==== RECORD SET ====

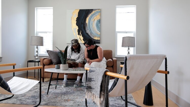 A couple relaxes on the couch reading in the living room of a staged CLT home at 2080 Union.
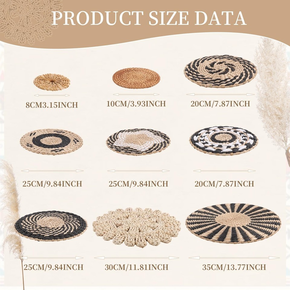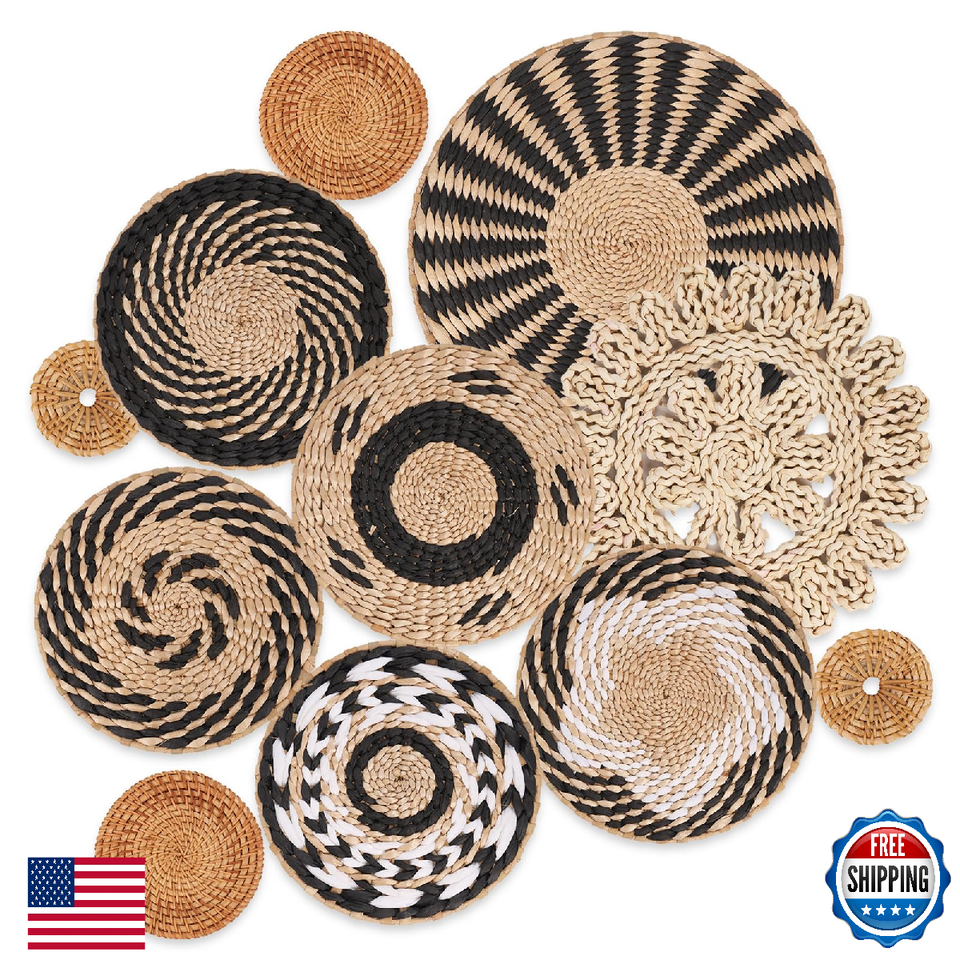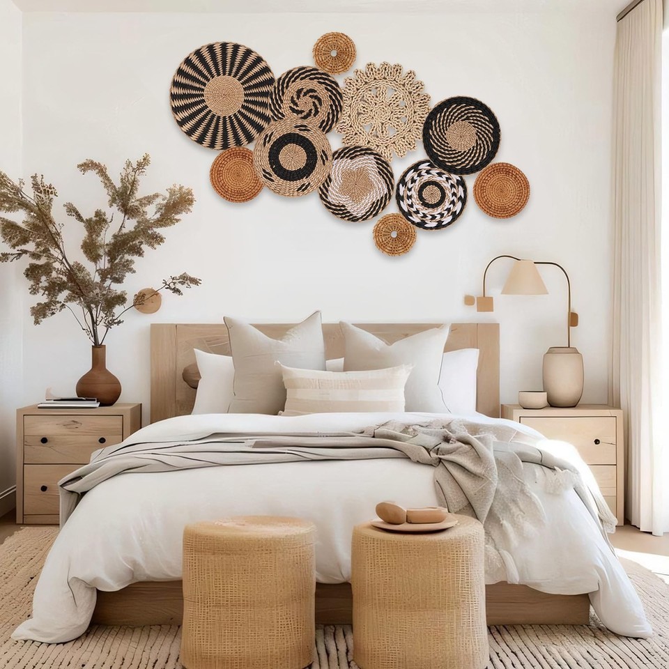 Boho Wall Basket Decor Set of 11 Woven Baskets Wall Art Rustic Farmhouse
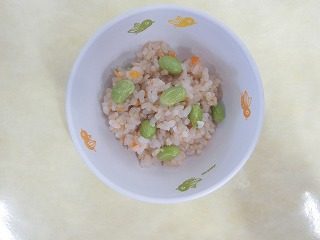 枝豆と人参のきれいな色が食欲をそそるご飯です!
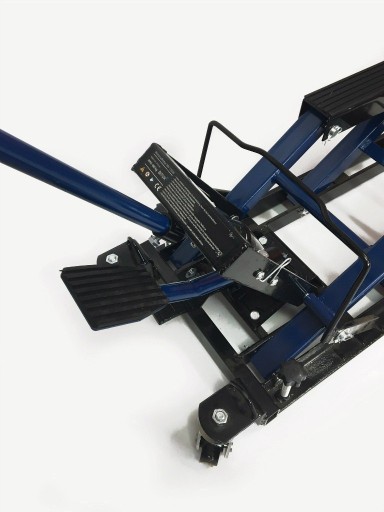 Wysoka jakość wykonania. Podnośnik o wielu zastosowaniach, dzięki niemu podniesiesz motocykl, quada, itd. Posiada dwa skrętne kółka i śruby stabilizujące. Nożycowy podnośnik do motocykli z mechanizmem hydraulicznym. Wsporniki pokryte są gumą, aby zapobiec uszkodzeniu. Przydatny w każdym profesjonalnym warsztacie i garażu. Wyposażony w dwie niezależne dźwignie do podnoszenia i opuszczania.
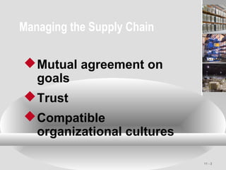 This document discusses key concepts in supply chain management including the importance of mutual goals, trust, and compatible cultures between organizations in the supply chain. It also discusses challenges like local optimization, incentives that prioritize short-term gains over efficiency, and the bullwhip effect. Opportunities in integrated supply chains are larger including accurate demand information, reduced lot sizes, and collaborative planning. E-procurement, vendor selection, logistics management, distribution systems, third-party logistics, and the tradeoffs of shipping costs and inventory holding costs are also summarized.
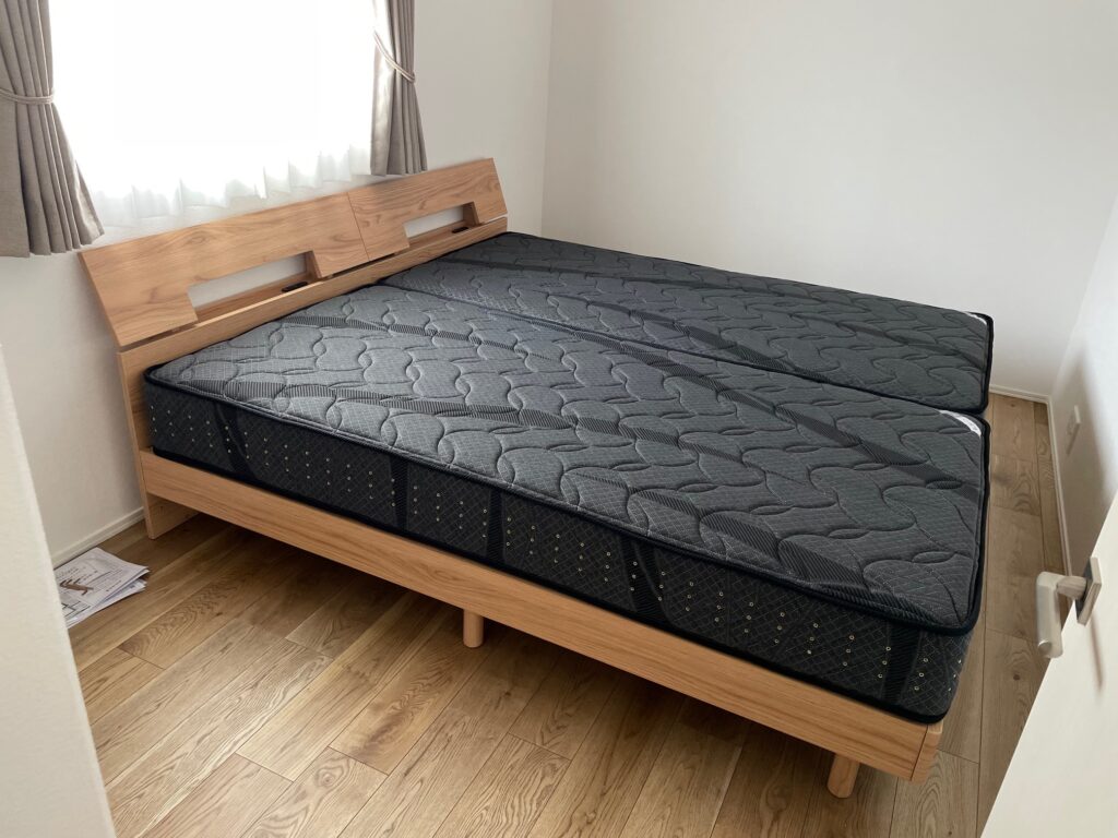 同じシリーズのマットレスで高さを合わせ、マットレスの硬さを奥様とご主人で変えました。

====

__EXERCISE PROMPT__
Nothing but the pictures should be left out when the records are retyped exactly.

__EXPECTED OUTPUT__
 A couple relaxes on the couch reading in the living room of a staged CLT home at 2080 Union.
 Boho Wall Basket Decor Set of 11 Woven Baskets Wall Art Rustic Farmhouse
 枝豆と人参のきれいな色が食欲をそそるご飯です!
 Wysoka jakość wykonania. Podnośnik o wielu zastosowaniach, dzięki niemu podniesiesz motocykl, quada, itd. Posiada dwa skrętne kółka i śruby stabilizujące. Nożycowy podnośnik do motocykli z mechanizmem hydraulicznym. Wsporniki pokryte są gumą, aby zapobiec uszkodzeniu. Przydatny w każdym profesjonalnym warsztacie i garażu. Wyposażony w dwie niezależne dźwignie do podnoszenia i opuszczania.
 This document discusses key concepts in supply chain management including the importance of mutual goals, trust, and compatible cultures between organizations in the supply chain. It also discusses challenges like local optimization, incentives that prioritize short-term gains over efficiency, and the bullwhip effect. Opportunities in integrated supply chains are larger including accurate demand information, reduced lot sizes, and collaborative planning. E-procurement, vendor selection, logistics management, distribution systems, third-party logistics, and the tradeoffs of shipping costs and inventory holding costs are also summarized.
 同じシリーズのマットレスで高さを合わせ、マットレスの硬さを奥様とご主人で変えました。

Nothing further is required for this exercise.